_Exercise directions_
Repeat the lines below exactly as they appear, but leave out the images.

_Supplied records_

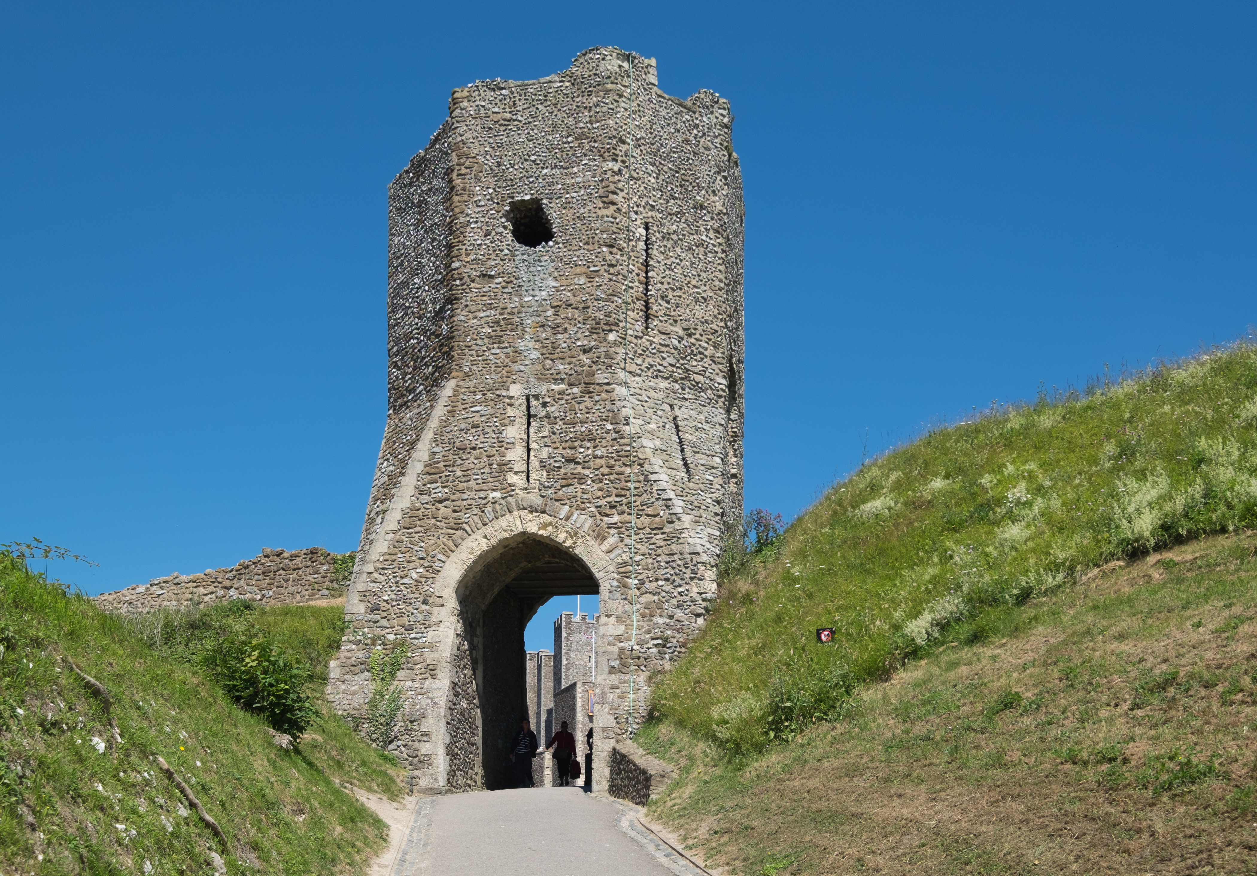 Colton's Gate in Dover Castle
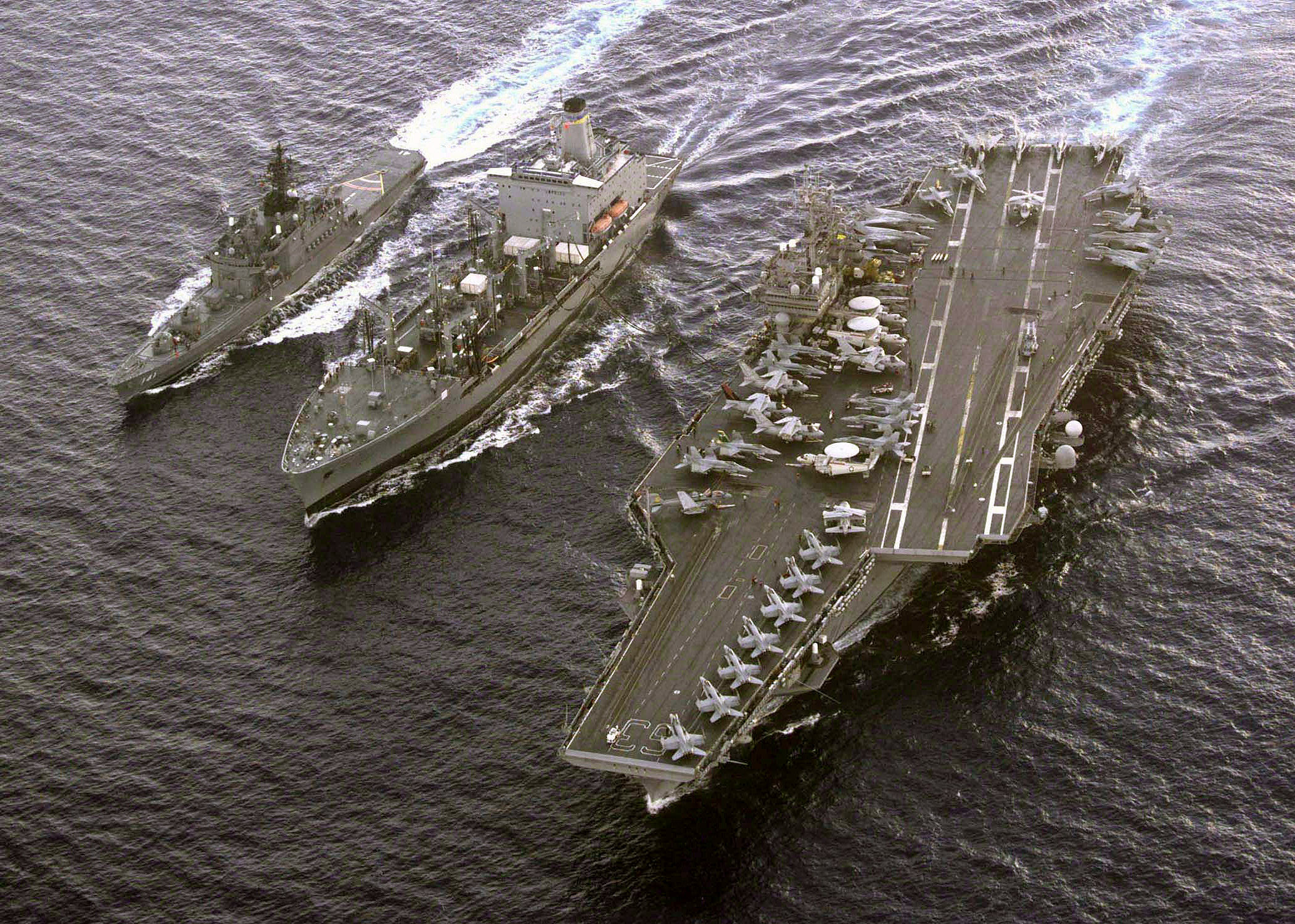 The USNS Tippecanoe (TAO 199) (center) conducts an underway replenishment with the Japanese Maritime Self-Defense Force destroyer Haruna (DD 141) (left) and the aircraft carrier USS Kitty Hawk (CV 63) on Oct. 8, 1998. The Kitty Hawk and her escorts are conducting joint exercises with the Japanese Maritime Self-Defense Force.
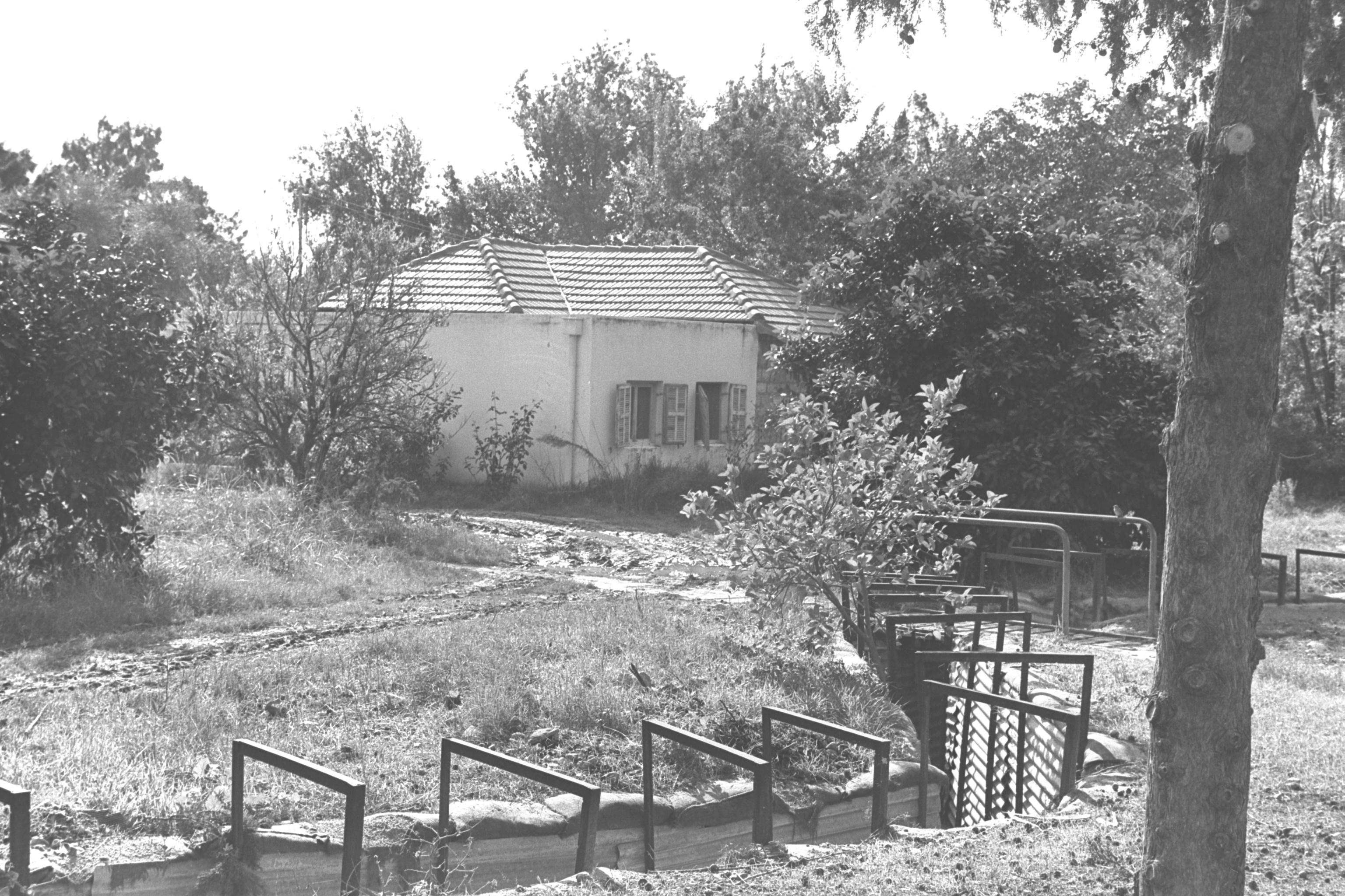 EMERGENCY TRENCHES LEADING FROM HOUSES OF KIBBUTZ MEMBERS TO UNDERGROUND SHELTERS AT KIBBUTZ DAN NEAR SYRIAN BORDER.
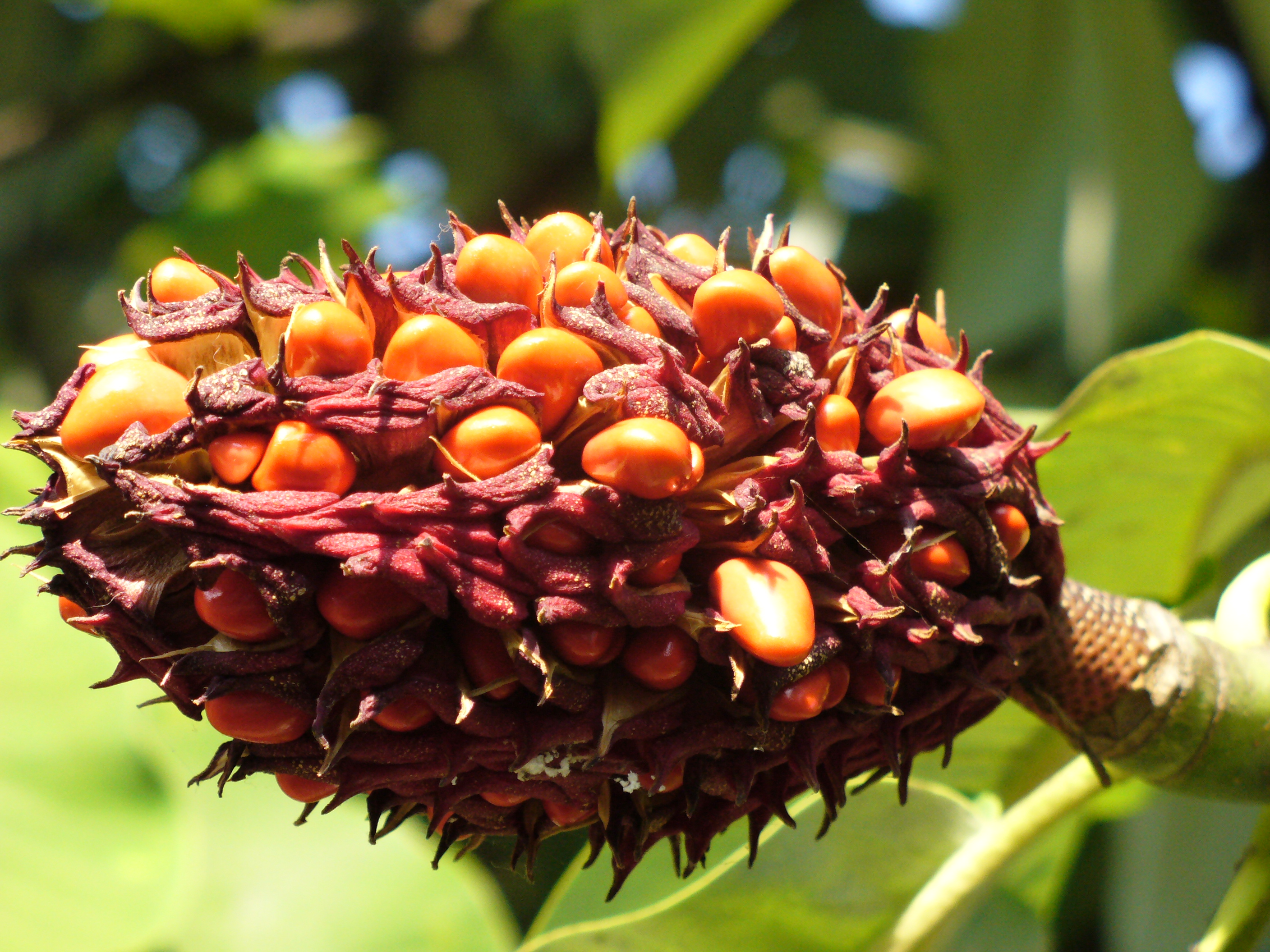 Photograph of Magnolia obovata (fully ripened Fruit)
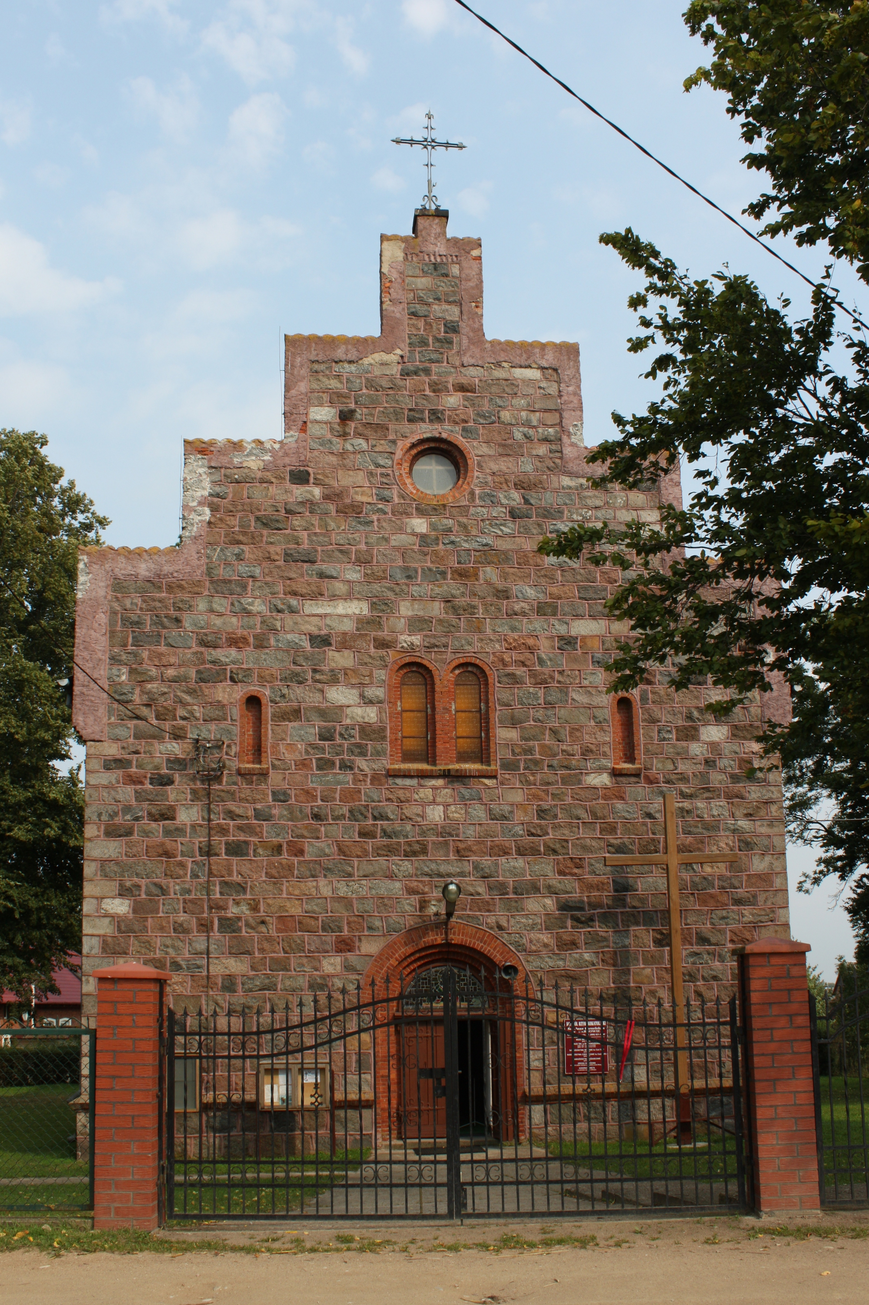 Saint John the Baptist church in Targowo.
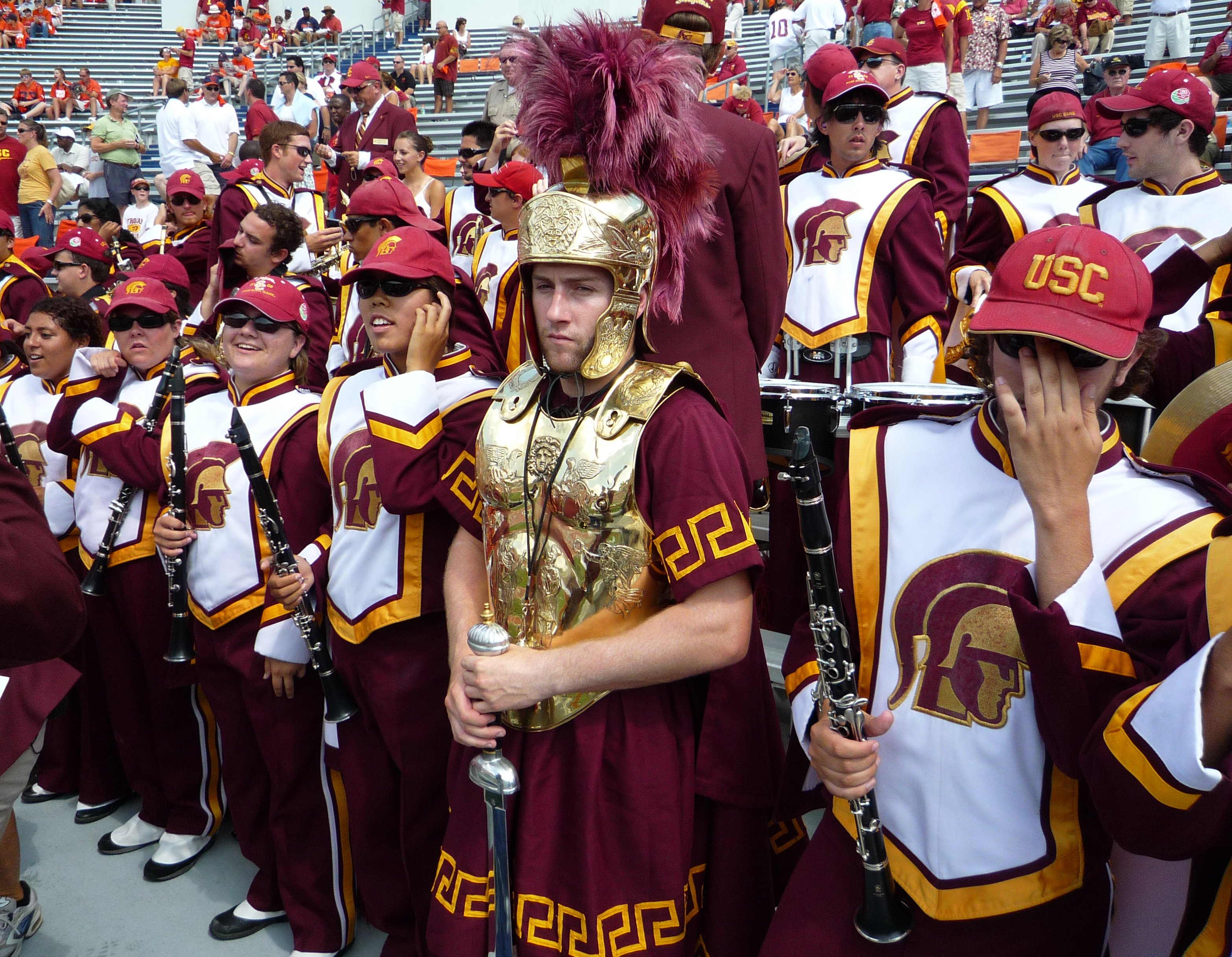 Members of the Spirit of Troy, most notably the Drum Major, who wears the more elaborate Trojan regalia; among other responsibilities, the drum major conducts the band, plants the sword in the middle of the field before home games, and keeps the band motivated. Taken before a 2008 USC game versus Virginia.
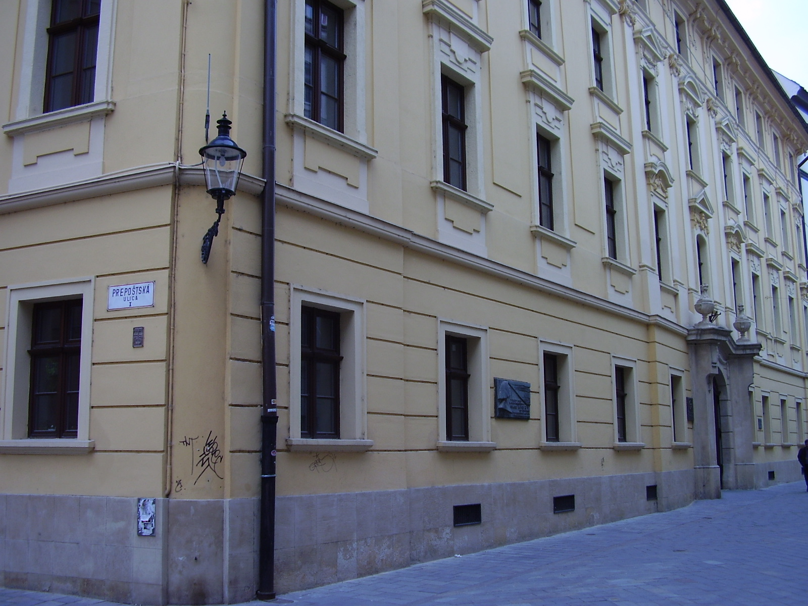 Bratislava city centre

_Result of the task_
 Colton's Gate in Dover Castle
 The USNS Tippecanoe (TAO 199) (center) conducts an underway replenishment with the Japanese Maritime Self-Defense Force destroyer Haruna (DD 141) (left) and the aircraft carrier USS Kitty Hawk (CV 63) on Oct. 8, 1998. The Kitty Hawk and her escorts are conducting joint exercises with the Japanese Maritime Self-Defense Force.
 EMERGENCY TRENCHES LEADING FROM HOUSES OF KIBBUTZ MEMBERS TO UNDERGROUND SHELTERS AT KIBBUTZ DAN NEAR SYRIAN BORDER.
 Photograph of Magnolia obovata (fully ripened Fruit)
 Saint John the Baptist church in Targowo.
 Members of the Spirit of Troy, most notably the Drum Major, who wears the more elaborate Trojan regalia; among other responsibilities, the drum major conducts the band, plants the sword in the middle of the field before home games, and keeps the band motivated. Taken before a 2008 USC game versus Virginia.
 Bratislava city centre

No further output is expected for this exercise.